Octobre et ses premières pluies indiquent qu’il est temps de prendre ses quartiers d’hiver. Direction Marseille, la seule ville capable de me réconcilier avec l’automne. Ici plus qu’ailleurs, quand on a une idée, il faut la mener à terme. Prenez la corniche mais prenez là jusqu’au bout. Car à la fin de cette route se trouve la calanque de Callelongue, la partie la plus grecque de la citée phocéenne. Niché au fond d’un cirque calcaire sauvage, le petit port avec ses maisons bancales et surtout le restaurant La Grotte dont la décoration grand siècle offre un peu de ce mauvais gout qu’on apprécie tant à Marseille. Le site est magnifique , la terrasse rêvée et la cuisine de grande qualité.

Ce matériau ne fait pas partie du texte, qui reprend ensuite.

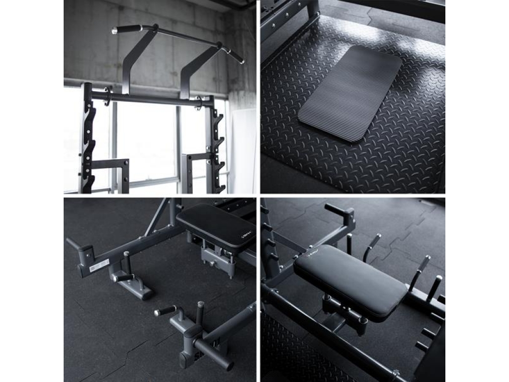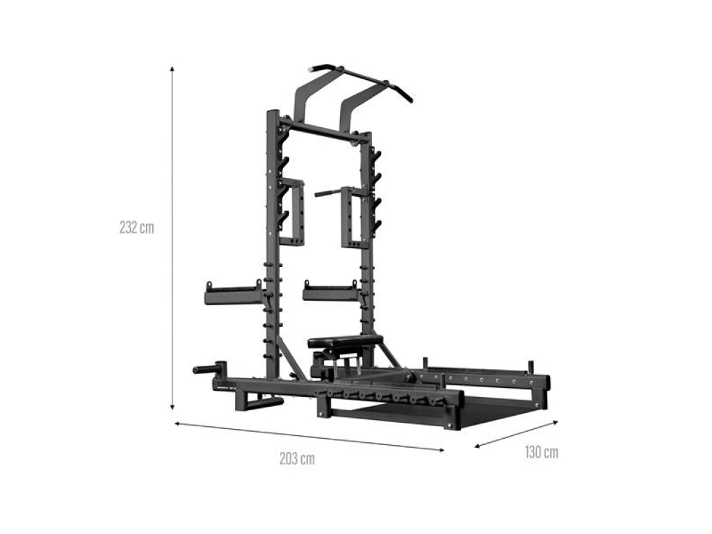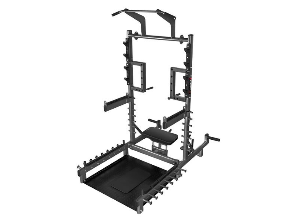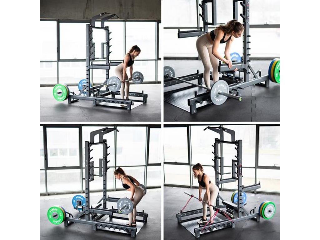 SMP01 je vaše nové tréningové centrum, ktoré vám umožnia nielen vykonávať hip thrusty alebo mŕtvy ťah. Tento prístroj je navyše vybavený hrazdou na príťahy, úchyty na dipy, háky na činku, bezpečnostnými zarážkami, tŕňmi na skladovanie závažia a čapy na prácu s odporovou gumou. Vďaka premyslenej konštrukcii a širokým možnostiam nastavenia sa SMP01 hodí ako do domácej posilňovne, tak do pokročilejších tréningových priestorov.

Choisissez un poisson du jour, il sera le meilleur prétexte à ouvrir la carte des vins. Installé ici, ce n’est pas le moment de flancher, ni d’hésiter. Ne laissez pas vos amis entamer de ces discussions stériles : on prend un rosé ou un rouge, une bouteille ou un pichet ? Vous n’avez pas fait un millier de kilomètres pour ergoter sur la qualité du vin. Ce sera un château Simone blanc ! Vous ne pouvez pas vous tromper c’est le flacon le plus cher de la carte.
Mais aussitôt, château Simone effacera tous les mauvais souvenirs de vins de Provence. Un soir pour oublier des décennies de vacances dans le Sud, cela n’a pas de prix. Seul, ou presque, domaine de la microscopique appellation Palette, le château Simone domine dans les trois couleurs. Même si le blanc, majoritairement vinifié à partir du cépage Clairette, est le seul vin capable d’entrer dans la cour des grands blancs de notre pays.
Son nez développe des notes florales qui répondent agréablement à sa belle robe dorée. Mais c’est la bouche qui donne toute la mesure. Franche, développant ce beau gras si fragile qu’il faut toute la rigueur de l’élevage du vin pour ne pas perdre l’équilibre. Pensez un instant à Paris, puis regardez autour de vous. Cela ne fera que décupler votre bonheur.
C’est dans ce sens qu’il faut aborder le château Simone. De Marseille à Aix en Provence, de la franche camaraderie marseillaise à la distance aristocratique aixoise. Car le domaine est situé aux portes d’Aix en Provence. Attention, château Simone n’est plus tout à fait en Provence, il est déjà en Toscane. Tout y rappelle l’Italie. La frontière entre les faubourgs de la ville et le domaine est marquée symboliquement par le passage d’un petit pont romain, étroit et pierreux. Puis s’ouvre les grilles du domaine et au bout d’une très longue avenue pentue : le château. La veille, vous en avez eu un aperçu sur l’étiquette de la bouteille. Il manquait simplement les couleurs, les cyprès, la légèreté de l’air et les montagnes en fond. Il manquait la Toscane. « Château Simone, Théatre des grands vins », telle est la signature du domaine, un peu pompeuse il faut le reconnaitre.
La terrasse du château est l’endroit le plus magique, elle donne sur les petites parcelles de clairettes orientées vers le Nord. Il n’y a pas de grand vin qui ne naisse dans un bel endroit. Seule déception, on ne peut pas, ou du moins je n’ai pas pu, déguster les vins en cave. Mais vous pouvez acheter sans risque le rouge, le rosé et surtout le blanc que vous avez gouté à Callelongue. Ensuite, allez saluer la Sainte Victoire. Une fois par an, j’ai besoin de voir cette montagne sacrée. C’est vital.